Yale Vs. Boston College Men’s Ice Hockey At The DCU Center Photo by Matthew J. Lee/The Boston Globe via Getty Images

This morning, Boston College hockey icon Jimmy Hayes tragically passed away at the age of 31.

Hayes played for Boston College from 2008-2011 before going pro and playing for the Chicago Blackhawks, Florida Panthers, New Jersey Devils, and his hometown Boston Bruins, as well as a handful of AHL teams. Hayes was followed to BC by his brother Kevin and his cousins Ryan and Casey Fitzgerald.

At Boston College, Hayes was a member of the 2010 National Championship team. He also won 2 Beanpots and 2 Hockey East Championships with the Eagles.

Hayes played a pivotal role in a number of BC games, including scoring the overtime game-winner in the 2011 Beanpot against Northeastern, and scoring 2 goals in 23 seconds (and celebrating with the John Wall) in BC’s 9-7 win over Yale in the 2010 NCAA Regionals. He left BC with 41 career goals and 81 career points.

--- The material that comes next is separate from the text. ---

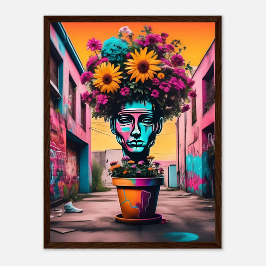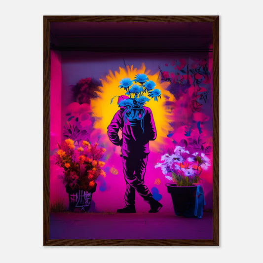 Neon Flowers, Premium Matte Paper Wooden Framed Poster 30x40 cm / 12x16″
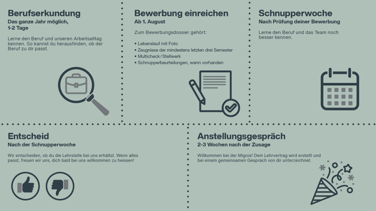 Kandidaten werden durch die Stiftung vorgeschlagen und absolvieren bei Interesse eine Schnupperwoche. Der Vertrag wird zwischen der Stiftung und dem/der Lernenden abgeschlossen, wobei die Migros Ostschweiz als Partnerbetrieb fungiert.

Hayes was also invested in giving back. After his friend, former Boston College and Babson hockey player Corey Griffin, passed away in 2014, Hayes changed his number to 11 in Griffin’s honor. He also played in numerous charity hockey games, including the Comm Ave Classic, which raised money for the Travis Roy Foundation and Compassionate Care ALS.

As a player, Hayes was always fun to watch because it was so clear how much he enjoyed playing. And beyond his hockey career, it is Hayes’s personality that made him so beloved in his hometown of Dorchester, at Boston College, and throughout the hockey community.

Ask anybody about him, and the first thing they’ll tell you is that he was a great guy who was always ready with a joke and a smile. As Jerry York told the Globe’s Matt Porter this morning, “Of all the kids I’ve coached, certainly in my top 5 as far as being enjoyable to coach, to hang in the locker room with. His off-ice contributions to our team, I marveled at so many different times.”

Our thoughts are with Jimmy’s family, friends, and former teammates. His infectiously positive attitude will be missed by all who knew him.